Usage#
This page explains how to use VirtualiZarr today, by introducing the key concepts one-by-one.
Opening files as virtual datasets#
VirtualiZarr is for manipulating “virtual” references to pre-existing data stored on disk in a variety of formats, by representing it in terms of the Zarr data model of chunked N-dimensional arrays.
If we have a pre-existing netCDF file on disk:
import xarray as xr
# create an example pre-existing netCDF4 file
ds = xr.tutorial.open_dataset('air_temperature')
ds.to_netcdf('air.nc')
We can open a virtual representation of this file using open_virtual_dataset
.
from virtualizarr import open_virtual_dataset
vds = open_virtual_dataset('air.nc')
(Notice we did not have to explicitly indicate the file format, as open_virtual_dataset
will attempt to automatically infer it.)
Printing this “virtual dataset” shows that although it is an instance of xarray.Dataset
, unlike a typical xarray dataset, in addition to a few in-memory numpy arrays, it also wraps ManifestArray
objects.
vds
<xarray.Dataset> Size: 31MB
Dimensions: (lat: 25, lon: 53, time: 2920)
Coordinates:
* lat (lat) float32 100B 75.0 72.5 70.0 67.5 65.0 ... 22.5 20.0 17.5 15.0
* lon (lon) float32 212B 200.0 202.5 205.0 207.5 ... 325.0 327.5 330.0
* time (time) datetime64[ns] 23kB 2013-01-01 ... 2014-12-31T18:00:00
Data variables:
air (time, lat, lon) float64 31MB ManifestArray<shape=(2920, 25, 53)...
Attributes:
Conventions: COARDS
title: 4x daily NMC reanalysis (1948)
description: Data is from NMC initialized reanalysis\n(4x/day). These a...
platform: Model
references: http://www.esrl.noaa.gov/psd/data/gridded/data.ncep.reanaly...
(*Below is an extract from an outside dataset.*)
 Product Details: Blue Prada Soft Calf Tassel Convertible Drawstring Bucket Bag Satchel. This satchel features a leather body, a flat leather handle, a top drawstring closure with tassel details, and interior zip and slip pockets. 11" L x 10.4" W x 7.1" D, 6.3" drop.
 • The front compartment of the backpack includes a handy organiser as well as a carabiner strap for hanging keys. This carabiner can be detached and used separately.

Generally a “virtual dataset” is any xarray.Dataset
which wraps one or more ManifestArray
objects.
These particular ManifestArray
objects are each a virtual reference to some data in the air.nc
netCDF file, with the references stored in the form of “Chunk Manifests”.
As the manifest contains only addresses at which to find large binary chunks, the virtual dataset takes up far less space in memory than the original dataset does:
ds.nbytes
30975672
vds.virtualize.nbytes
23704
Important
Virtual datasets are not normal xarray datasets!
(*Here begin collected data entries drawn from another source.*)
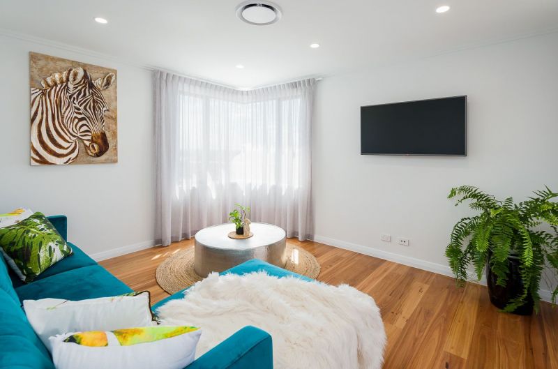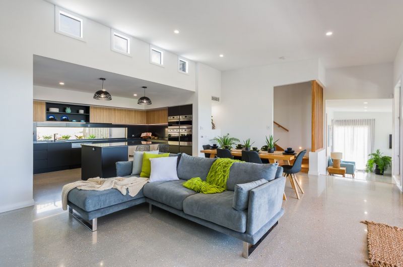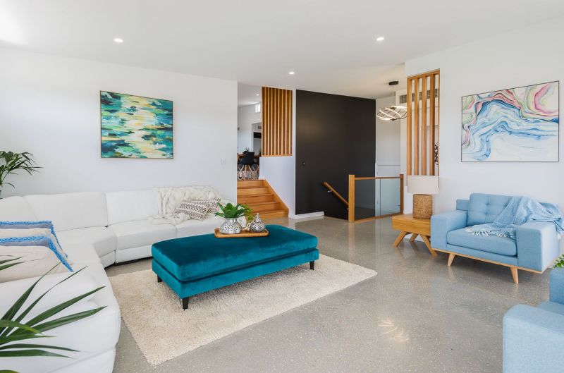 The home boasts Polished concrete floors with Blackbutt timber flooring, stairs and screens that are an impressive feature throughout this meticulously finished home.
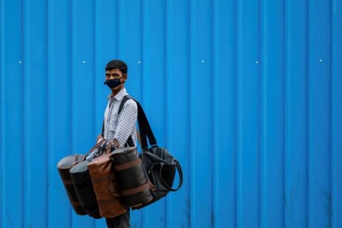 | Un vendeur de sacs dans les rues de New Delhi (Inde) le 7 septembre. |
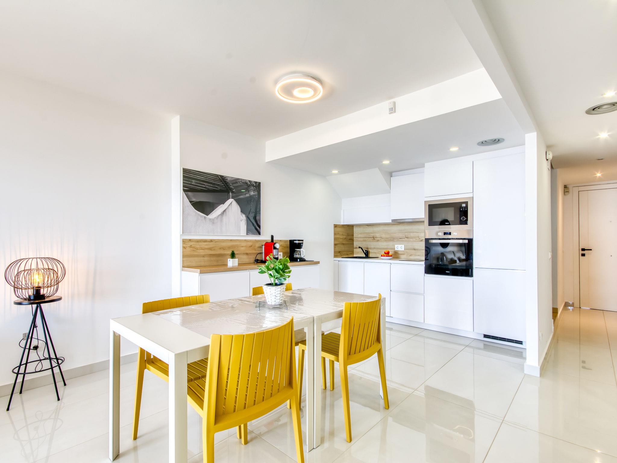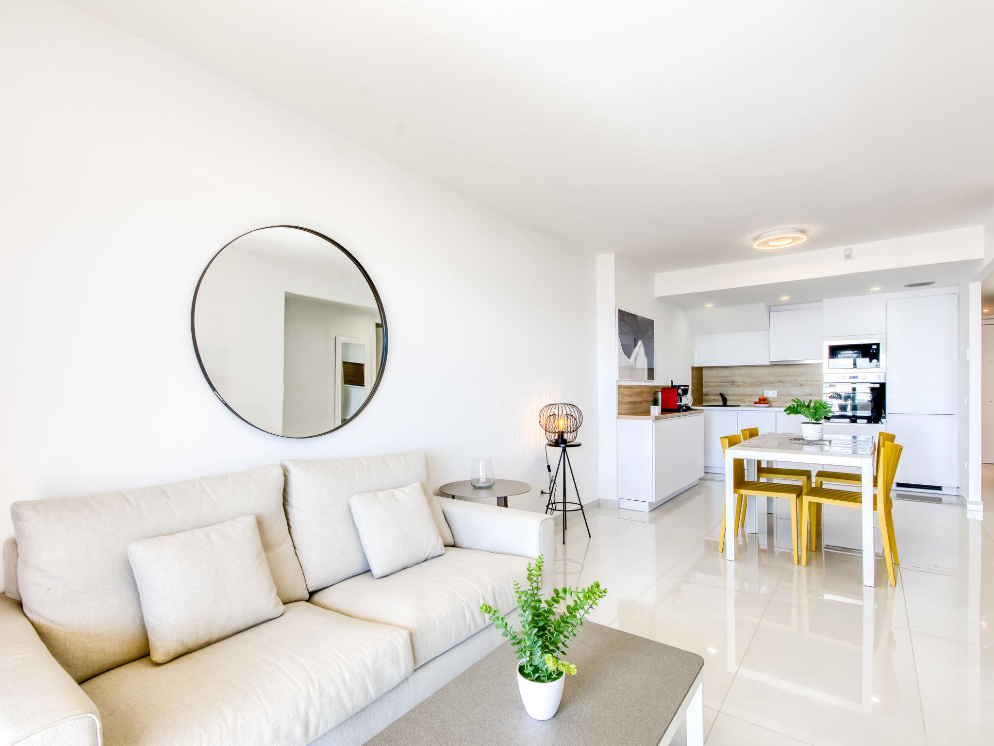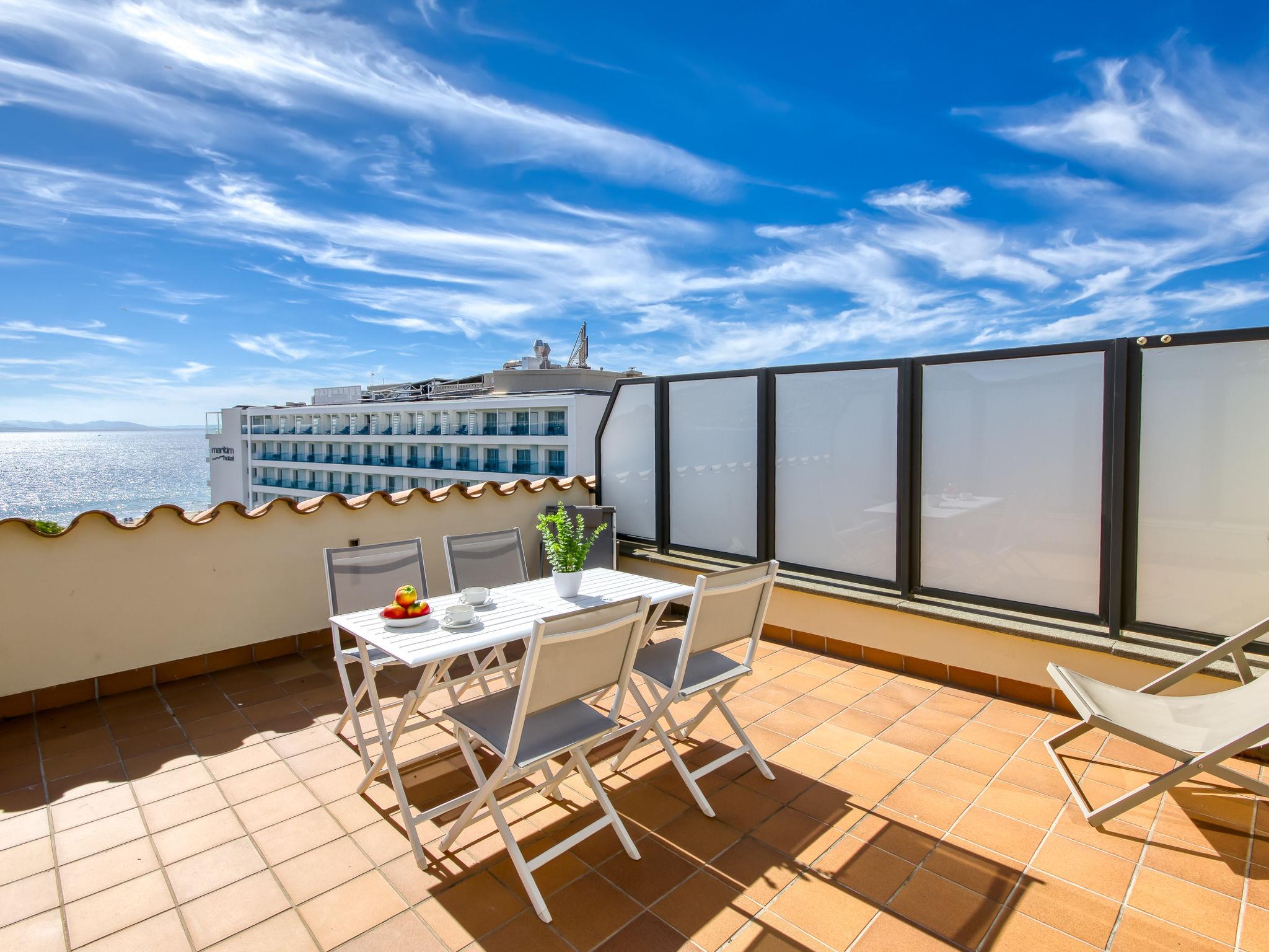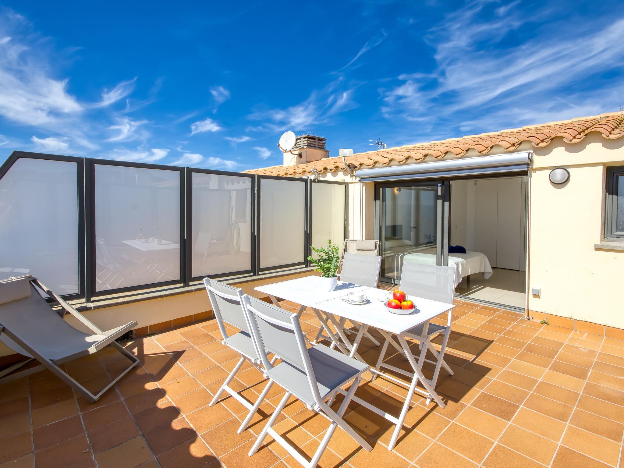 3-room apartment 70 m2 on 2 levels on 4th floor, south facing position. Spacious and bright, modern and cosy furnishings: living/dining room with dining table, satellite TV and digital TV (flat screen), air conditioning. Exit to the terrace, south facing position and west facing position. 1 room with 1 french bed (160 cm, length 190 cm). Kitchen (oven, dishwasher, 4 ceramic glass hob hotplates, microwave, freezer, electric coffee machine). Bath/WC. No heating option. Upper floor: 1 large room with 1 bed (90 cm, length 190 cm), 1 french bed (160 cm, length 190 cm), bath/WC. Exit to the terrace. Large balcony 15 m2, south facing position and west facing position, large terrace 20 m2, south facing position and west facing position. Terrace furniture. Marvellous panoramic view of the sea. Facilities: washing machine, iron. Internet (WiFi, free). Garage space n 73. Please note: TV only FR, ES. Animals are not accepted in the pool or in community areas. HUTG013467 // Reg. Nr.: ESFCTU000017019000011589000000000000000000HUTG0134675

Although the top-level type is still xarray.Dataset
, they are intended only as an abstract representation of a set of data files, not as something you can do analysis with. If you try to load, view, or plot any data you will get a NotImplementedError
. Virtual datasets only support a very limited subset of normal xarray operations, particularly functions and methods for concatenating, merging and extracting variables, as well as operations for renaming dimensions and variables.
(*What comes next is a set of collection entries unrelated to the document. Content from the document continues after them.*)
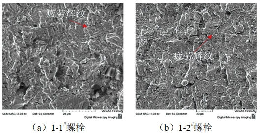 采用TESCAN VEGAⅡ掃描電子顯微鏡對斷口(圖 6)進(jìn)行分析,擴展區較為整齊且有橫紋,瞬斷區出現小塊缺失,斷口呈典型疲勞斷裂特征。1-1#螺栓斷口源區為螺紋齒底位置,1-2#螺栓斷口源區內存在多條棘輪花樣(圖 7)。兩個(gè)樣品的擴展區均存在明顯的疲勞輝紋(圖 8)。
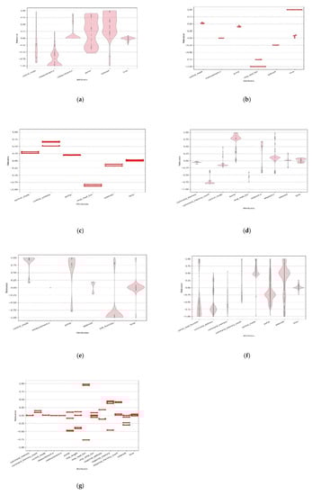 After the MDH was obtained for each anomaly class, the relevance between the input and resulting change in each sample was calculated with the proposed method. Figure 7 displays the normalized calculation results as scatter plots or violin plots.
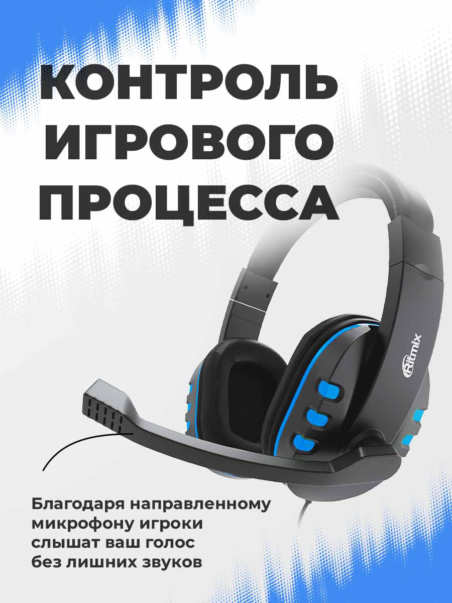 Гарнитура игровая RITMIX RH-555M 2 м, синий
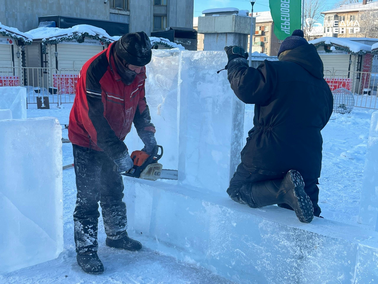 В этом году участвуют 13 команд из разных городов страны и Беларуси. География участников впечатляет. У них есть всего три дня, чтобы превратить лёд в произведение искусства.
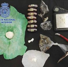 Los agentes intervinieron un total de 825 gramos de hachís, 244 gramos de 'speed' (sulfato de anfetamina), 72 gramos de marihuana y una báscula de precisión, así como gran cantidad de recortes de plástico de los utilizados para suministrar la droga y diversos útiles para el cultivo interior de marihuana (filtros, iluminación, termómetros, etc.).
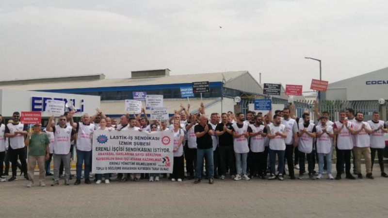 İzmir Kemalpaşa Organize Sanayi Bölgesi’nde bulunan Erenli Kauçuk fabrikasında Lastik İş Sendikasına üye olan 5 işçi işten atıldı. Fabrika önünde yapılan açıklamada, işçiler sendikal haklarından vazgeçmeyeceklerini kaydetti.
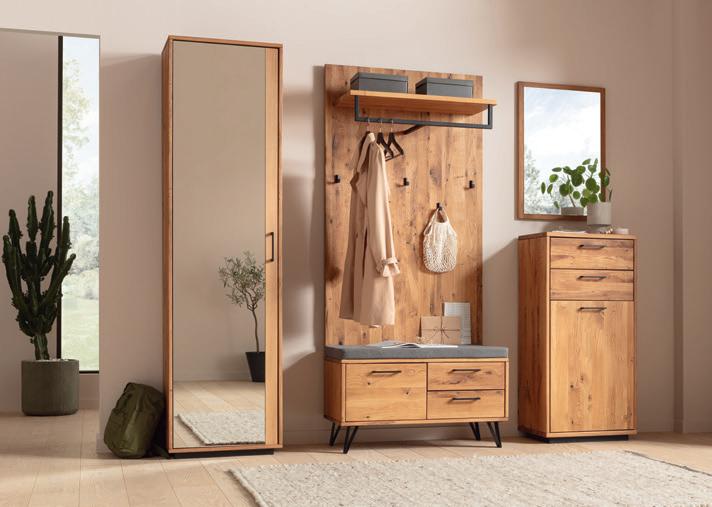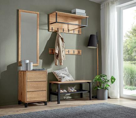 02 NATURA HOME Savannah Gardobenschrank, Korpus: Wildeiche massiv, natur geölt, Front: Spiegel, Metallgriff schwarz, BHT ca. 55x205x38 cm, 1.299,– 03 NATURA HOME Savannah Garderobenbank, Korpus und Front: Wildeiche massiv, natur geölt, Metallfuß & -griff schwarz, Sitzauflage grau (100 % Polyester), BHT ca. 90x56x42 cm, 979,– 04 NATURA HOME Savannah Garderobenpaneel, Korpus und Front: Wildeiche massiv, natur geölt, Haken und Kleiderstangen: Metall schwarz, BHT ca. 90x157x36 cm, 829,– 05 NATURA HOME Savannah Kommode, Korpus und Front: Wildeiche massiv, natur geölt, Metallgriff schwarz, BHT ca. 55x115x38 cm, 899,– 06 NATURA HOME Savannah Wandspiegel, Rahmen: Wildeiche massiv, natur geölt, BHT ca. 55x80x2 cm, 219,–
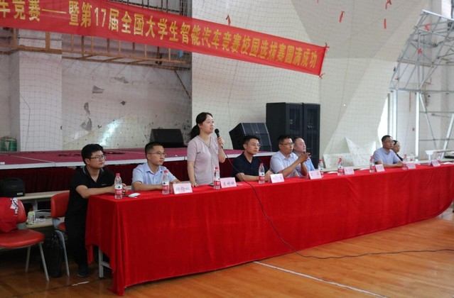 (校團委副書記李妍妍宣布本次智能車校賽開始)
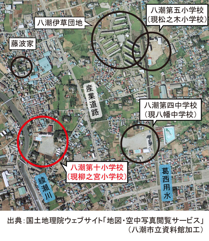 - 出典:国土地理院撮影空中写真CKT794-C1B-6(国土地理院ホームページ「地図・空中写真閲覧サービス」より転載)/八潮市立資料館加工
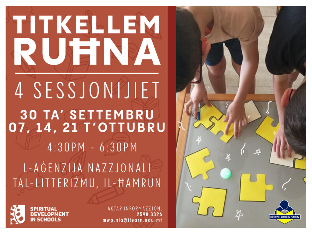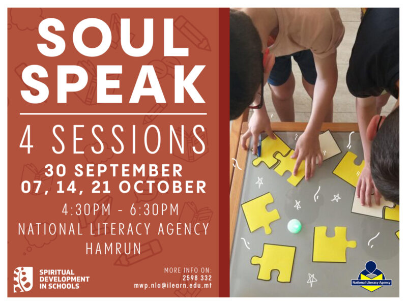 L-Aġenzija Nazzjonali tal-Litteriżmu, bil-kollaborazzjoni ta’ Spiritual Development in Schools ser torganizza erba’ sessjonijiet ta’ programm ta’ kitba, qari u riflessioni jismu ‘Titkellem Ruħna’ (Soul Speak) għal tfal mir-4 sena sas-6 sena tal-iskola primarja (minn 8 sa 10 snin).
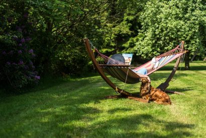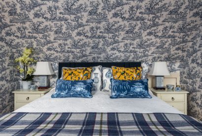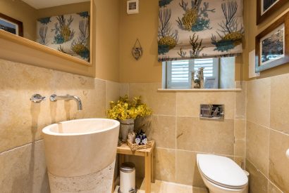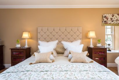 On the second floor there’s a super-king-size bedroom with a bed that can be split into twin beds on request. This room has an en-suite shower room with walk-in rainfall shower. There’s also a master suite with views of the gardens, a super-king-size bed and an en-suite bathroom with a rolltop bath, walk-in rainfall shower and bidet.

The only use case for a virtual dataset is combining references to files before writing out those references to disk.
Opening remote files#
To open remote files as virtual datasets pass the reader_options
options, e.g.
aws_credentials = {"key": ..., "secret": ...}
vds = open_virtual_dataset("s3://some-bucket/file.nc", reader_options={'storage_options': aws_credentials})
Chunk Manifests#
In the Zarr model N-dimensional arrays are stored as a series of compressed chunks, each labelled by a chunk key which indicates its position in the array. Whilst conventionally each of these Zarr chunks are a separate compressed binary file stored within a Zarr Store, there is no reason why these chunks could not actually already exist as part of another file (e.g. a netCDF file), and be loaded by reading a specific byte range from this pre-existing file.
A “Chunk Manifest” is a list of chunk keys and their corresponding byte ranges in specific files, grouped together such that all the chunks form part of one Zarr-like array. For example, a chunk manifest for a 3-dimensional array made up of 4 chunks might look like this:
{
"0.0.0": {"path": "s3://bucket/foo.nc", "offset": 100, "length": 100},
"0.0.1": {"path": "s3://bucket/foo.nc", "offset": 200, "length": 100},
"0.1.0": {"path": "s3://bucket/foo.nc", "offset": 300, "length": 100},
"0.1.1": {"path": "s3://bucket/foo.nc", "offset": 400, "length": 100},
}
Notice that the "path"
attribute points to a netCDF file "foo.nc"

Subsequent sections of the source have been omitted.